Runs several evaluation tests: 
- Google Semantic-Syntactic: http://download.tensorflow.org/data/questions-words.txt (split)
- SimVerb-3005: https://github.com/JoonyoungYi/datasets/tree/master/simverb3500
- MEN: https://staff.fnwi.uva.nl/e.bruni/MEN

In [378]:
# Evaluate models
warnings.filterwarnings('ignore')

# directory to models/ and evaluation/ which includes tests
os.chdir('directory')

# models to be compared
models = ['askreddit']

# load each model and print results
for model in models:
    mod = gensim.models.word2vec.Word2Vec.load('Models/'+model+'.model')

    print(model+' performance:\n')
    
    sem = mod.wv.accuracy('Evaluation/semantic.txt')
    print('Google semantic: '+ str(round(test_res(sem), 4)))

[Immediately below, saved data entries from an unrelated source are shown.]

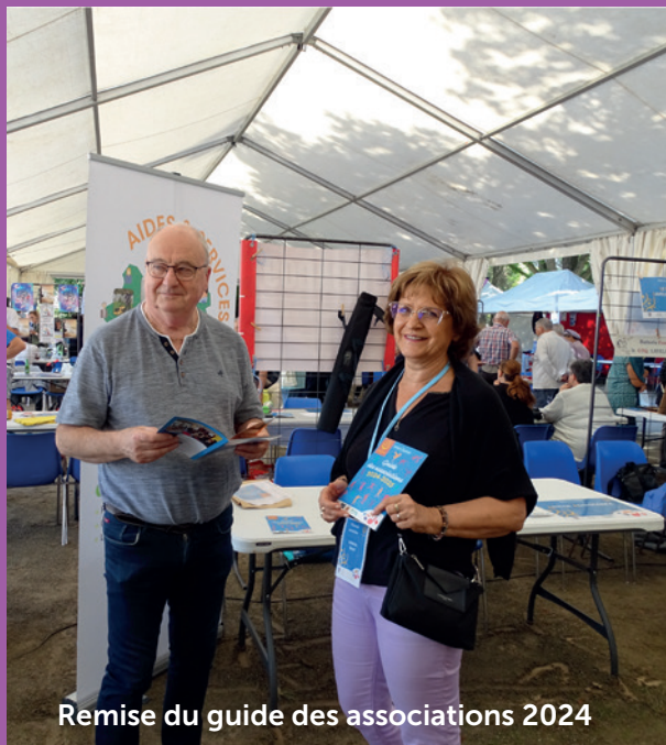
Remise du guide des associations 2024

Beau succès pour le forum des associations qui s'est tenu samedi 7 septembre à la Plaine des sports.
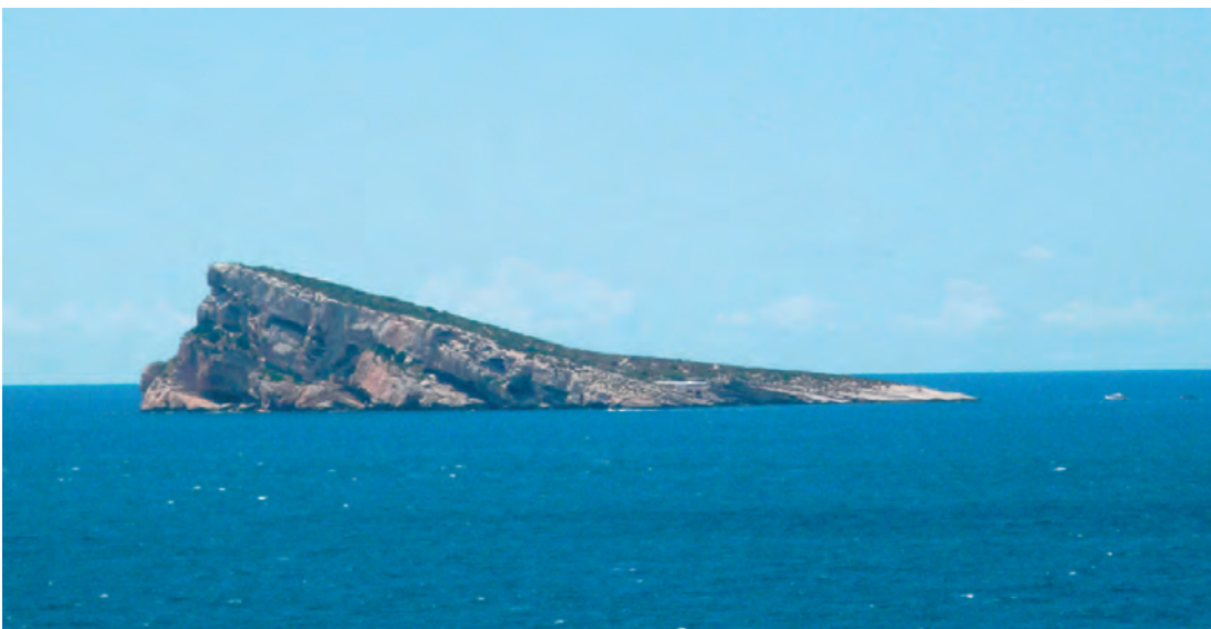
Foto 2. L'Illa

Segons conta la llegenda, l'Illa es troba enmig de la badia perquè la va posar d'una potada el cavall blanc de sant Jaume i per això al Puig Campana li falta un tros. El tall del Puig Campana en realitat és un efecte òptic des de la perspectiva de Benidorm. Si el mirem des de la Vila Joiosa o des d'Altea no es veu igual. Com a exercici visual podem contemplar-lo en un viatge des d'Altea a Benidorm per l'autopista i comprovarem com és de diferent, es veu una muntanya amb un cim punxegut; de la mateixa manera podem mirar-lo des de la Vila Joiosa i tampoc serà igual com el veiem des de Benidorm. El Puig Campana és la serra més alta que podem veure des del Castell, situada quasi tota al terme municipal de Finestrat.
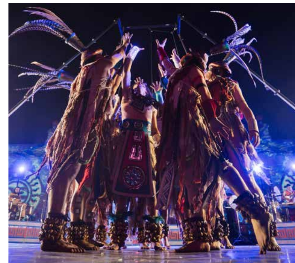
Propuestas escénicas inspiradas en la cultura mexicana integran la narrativa visual de GDLuz 2026.
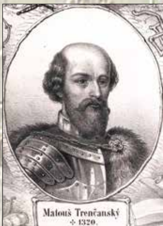
Portrét Matúša Čáka
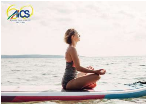
CORSO DI FORMAZIONE PER ISTRUTTORE DI SUP YOGA
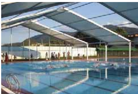
Piscina Municipal de El Tiemblo (Ávila)
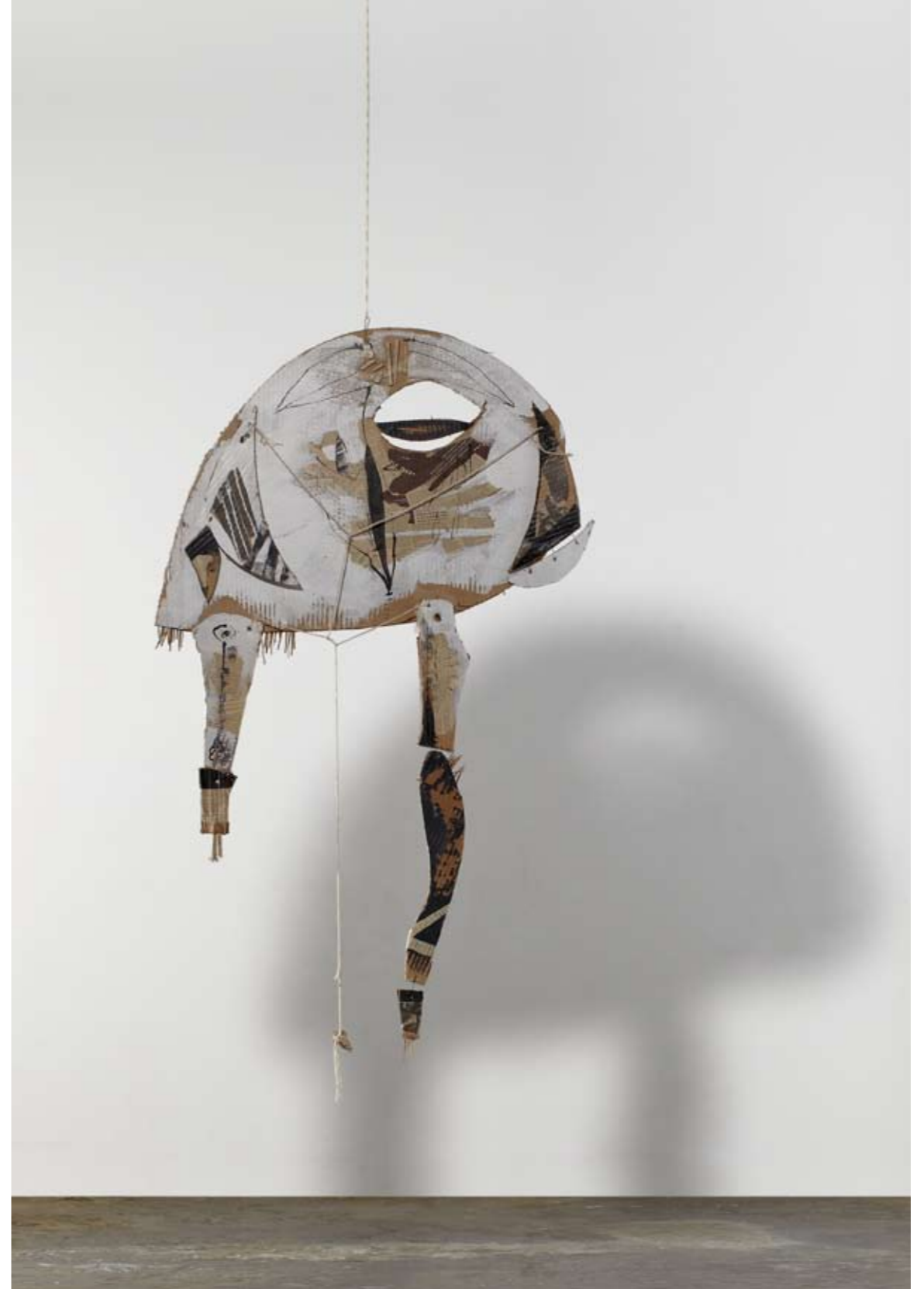
נלא שם / 2012 / מדיה מעורבת / גובה 120 ס"מ Untitled / 2012 / Mixed media / height 120 cm
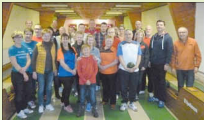
Betriebs- und Stadtmeisterschaften.
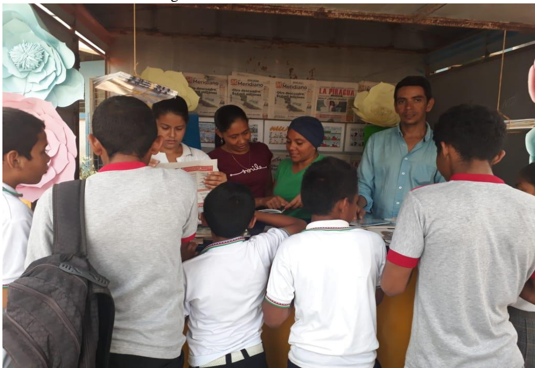
Imagen 1.3. Kiosco Kilec. Prestamos de Libros.
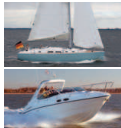
Sealine S29 (alle 9 m moottoriveneet) ja Hanse 400e (alle 12 m purjeveneet) palkittiin luokassaan vuoden veneeksi Euroopassa.

Brunswickin ”talliin” kuuluu nykyisin yli 20 venemerkkiä, joista Suomessa tunnetuimpia ovat esimerkiksi Sea Ray, Bayliner, Sealine, Uttern ja Quicksilver. Yhtymä tunnetaan myös Mercury Marinen (Mariner-, Mercury- ja MerCruiser-moottorit) omistajana. Lisäksi Brunswickilla on osuomistus muun muassa suomalaisesta Bella-Veneet Oy:stä.

    syn = mod.wv.accuracy('Evaluation/syntactic.txt')
    print('Google syntactic: '+ str(round(test_res(syn), 4)))
    
    simverb = mod.wv.evaluate_word_pairs('Evaluation/simverb-3500.txt')[0][0]
    print('Simverb Pearson: '+ str(round(simverb, 4)))

    men = mod.wv.evaluate_word_pairs('Evaluation/men.txt')[0][0]
    print('MEN Pearson: '+ str(round(men, 4)))

    print('\n------------\n')


askreddit500 performance:

Google semantic: 0.634
Google syntactic: 0.6803
Simverb Pearson: 0.3767
MEN Pearson: 0.7513

------------